== EXERCISE INPUT ==
Content starts

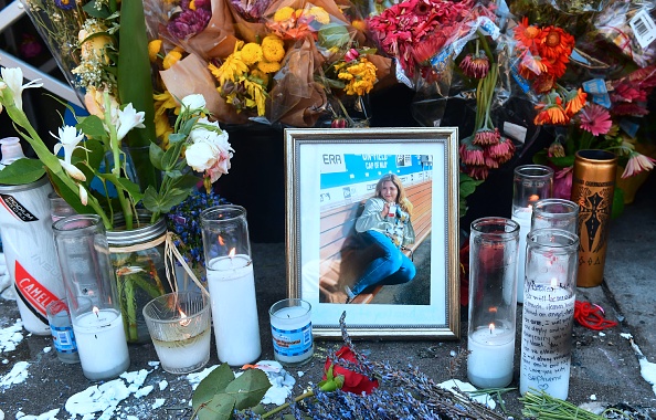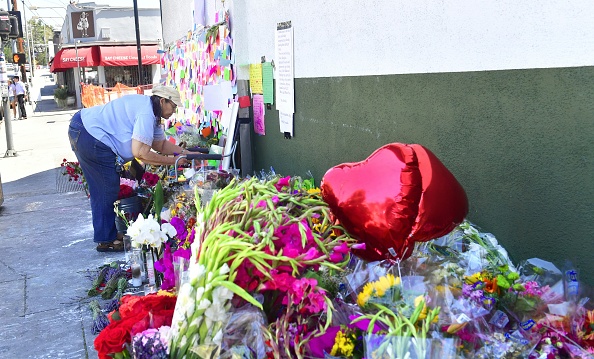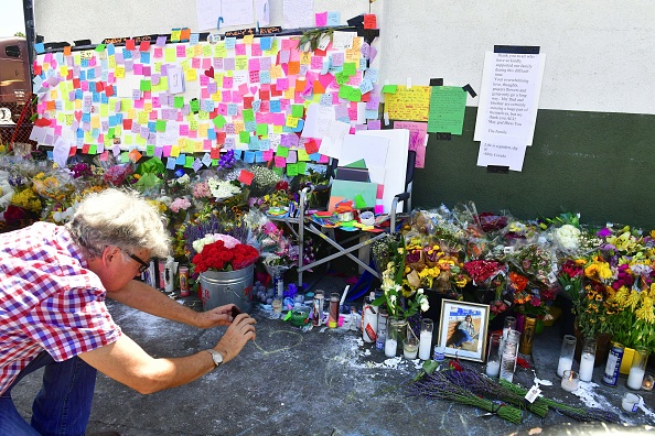 Claire Houston leaves flowers at a memorial for Melyda Corado, the assistant manager at the Silver Lake Trader Joe’s, who was killed in a July 21 shootout between police and a gunman in Los Angeles, California on July 23, 2018. – The gunman, Gene Evin Atkins, took hostages inside a supermarket in Los Angeles on Saturday after a gun battle with police, leaving a store employee dead before the suspect handcuffed himself and surrendered. The Los Angeles Police Department revealed on July 24 that Corado died as a result of police gunfire. (Photo by Frederic J. BROWN / AFP) (Photo credit should read FREDERIC J. BROWN/AFP via Getty Images)
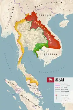 Clockwise from upper left: Government House, Santa Cruz Church, Ananta Samakhom Throne Hall, and the Democracy MonumentUnder Chulalongkorn's father and predecessor, Mongkut, Siam began to modernise in the face of British and French colonial ambitions in the region. British colonial ambitions laid in Burma and Malaya, whilst French ambitions were in Indochina. For both, Siam had to cede land that was under its influence.[4] In 1893, Siam experienced a short crisis with France, deteriorating relations between the two. Additionally, the crisis resulted in the French occupation of the ethnically Siamese province of Chanthaburi.[5] In 1896, Britain and France signed a joint declaration where Siamese independence and sovereignty over the Chao Phraya river basin was guaranteed. The declaration, however, did not guarantee continued Siamese control over its more frontier provinces.[6]
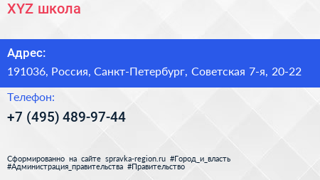 XYZ, школа по адресу 191036, Россия, Санкт-Петербург, Советская 7-я, 20-22 в дальнейшем Организация, размещена в следующих категориях:
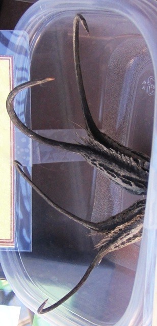 We were greeted at the greenhouse entrance by a little Tupperware tub of Devil’s Claw.  The stuff is fierce–it splits into long, curved thorns that latch onto the legs of deer and other animals, who broadcast the seeds as they run around trying to get rid of the thorns.  Imagine the Cowboy romping in a patch of that stuff.
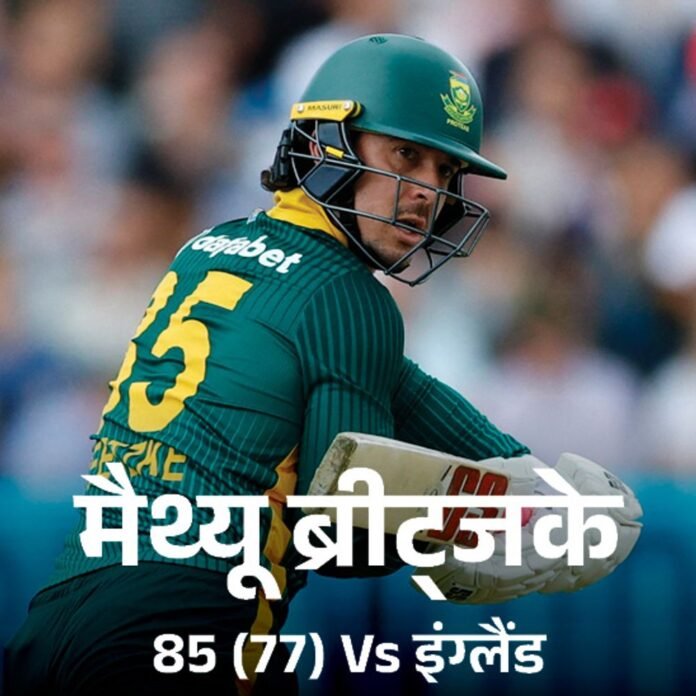 इंग्लिस टीम ने टॉस जीतकर पहले बॉलिंग का फैसला किया। साउथ अफ्रीका ने 50 ओवर में 8 विकेट के नुकसान पर 330 रन बनाए और इंग्लैंड को 331 रन का टारगेट दिया। टीम के लिए मैथ्यू ब्रीट्जके ने 85, ट्रिस्टन स्टब्स ने 58 और डेवाल्ड ब्रेविस ने महज 20 बॉल पर 4रन बनाए। रयान रिकेल्टन ने 35 और कॉर्बिन बॉश ने नाबाद 32 रन बनाए। ब्रीट्जके और स्टब्स के बीच चौथे विकेट के लिए 126 बॉल पर 147 रन की साझेदारी हुई। इंग्लैंड की ओर से तेज गेंदबाज जोफ्रा आर्चर ने 4 विकेट झटके। आदिल रशीद ने 2 विकेट लिए। जैकब बेथल को 1 विकेट मिला। इंग्लैंड टीम की ओर से भी तीन अर्धशतक लगे
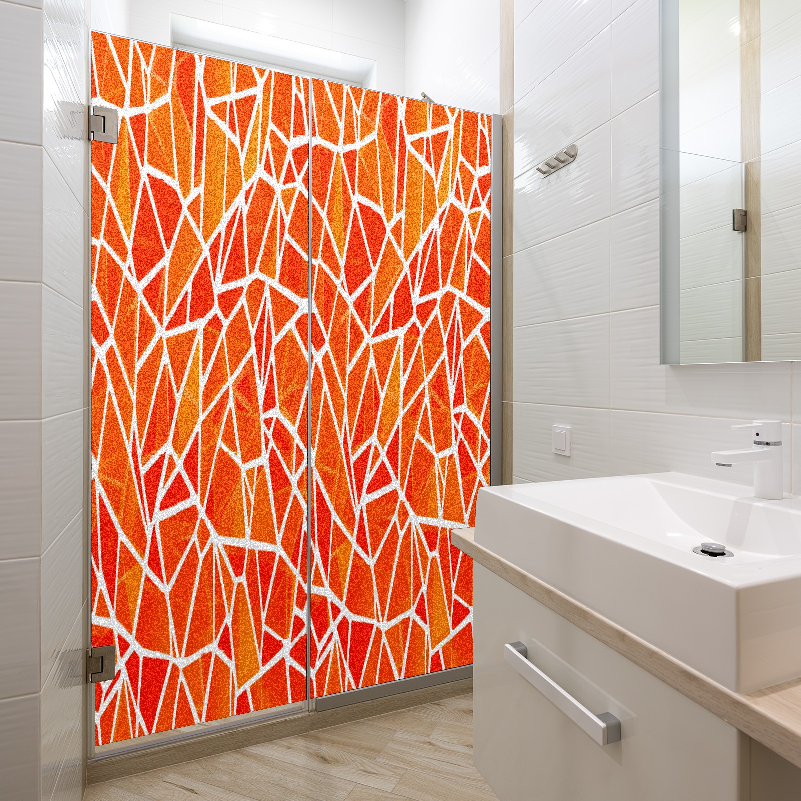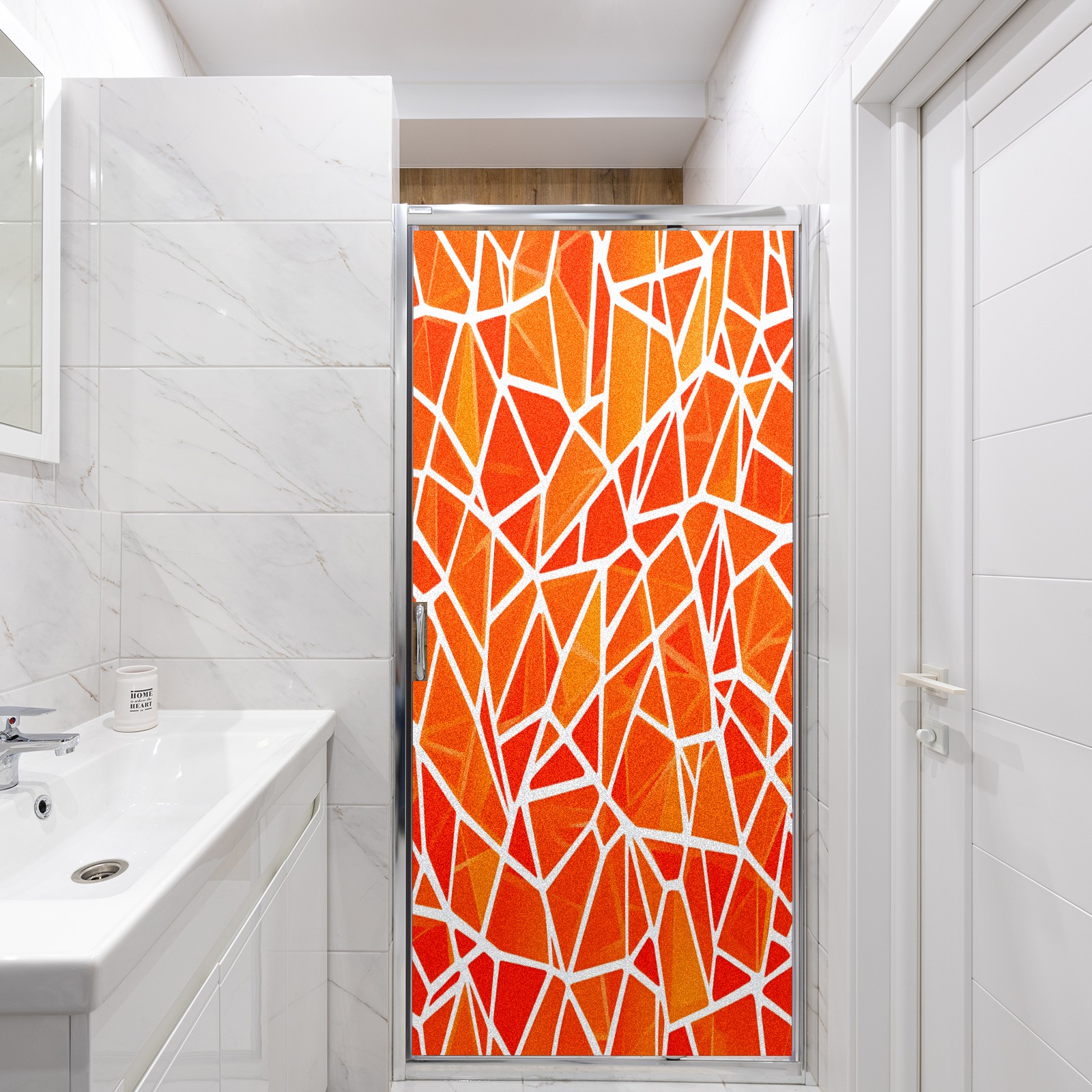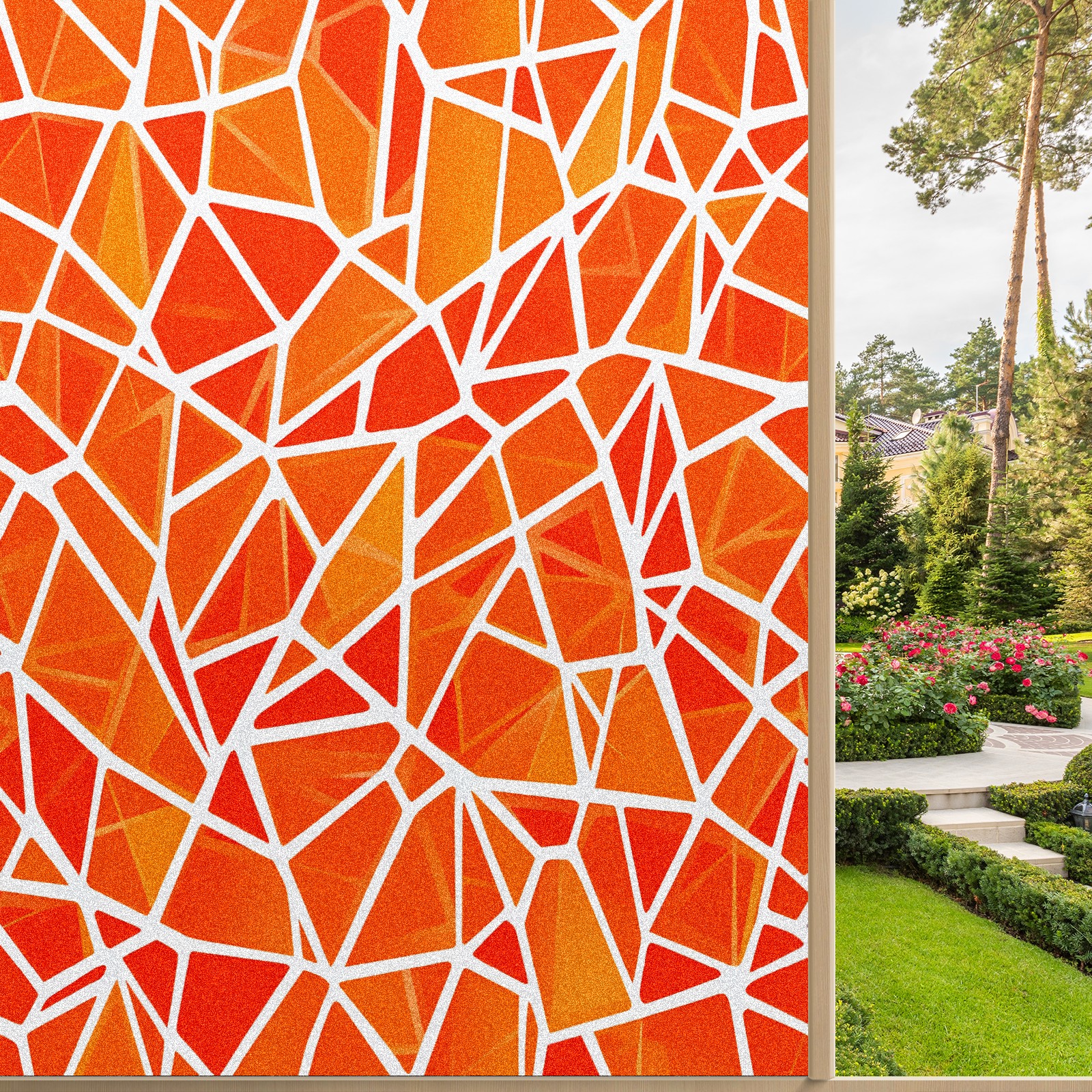 Frosted Glass Window Film Privacy Film Stained Glass Decals for Bathroom Shower Door Geometric Orange(1) Design Non Adhesive

Content ends

== TASK DIRECTIONS ==
Pictures aside, write out verbatim every line from the first line of the material through the line holding "XYZ, школа по".

== SOLUTION ==
 Claire Houston leaves flowers at a memorial for Melyda Corado, the assistant manager at the Silver Lake Trader Joe’s, who was killed in a July 21 shootout between police and a gunman in Los Angeles, California on July 23, 2018. – The gunman, Gene Evin Atkins, took hostages inside a supermarket in Los Angeles on Saturday after a gun battle with police, leaving a store employee dead before the suspect handcuffed himself and surrendered. The Los Angeles Police Department revealed on July 24 that Corado died as a result of police gunfire. (Photo by Frederic J. BROWN / AFP) (Photo credit should read FREDERIC J. BROWN/AFP via Getty Images)
 Clockwise from upper left: Government House, Santa Cruz Church, Ananta Samakhom Throne Hall, and the Democracy MonumentUnder Chulalongkorn's father and predecessor, Mongkut, Siam began to modernise in the face of British and French colonial ambitions in the region. British colonial ambitions laid in Burma and Malaya, whilst French ambitions were in Indochina. For both, Siam had to cede land that was under its influence.[4] In 1893, Siam experienced a short crisis with France, deteriorating relations between the two. Additionally, the crisis resulted in the French occupation of the ethnically Siamese province of Chanthaburi.[5] In 1896, Britain and France signed a joint declaration where Siamese independence and sovereignty over the Chao Phraya river basin was guaranteed. The declaration, however, did not guarantee continued Siamese control over its more frontier provinces.[6]
 XYZ, школа по адресу 191036, Россия, Санкт-Петербург, Советская 7-я, 20-22 в дальнейшем Организация, размещена в следующих категориях:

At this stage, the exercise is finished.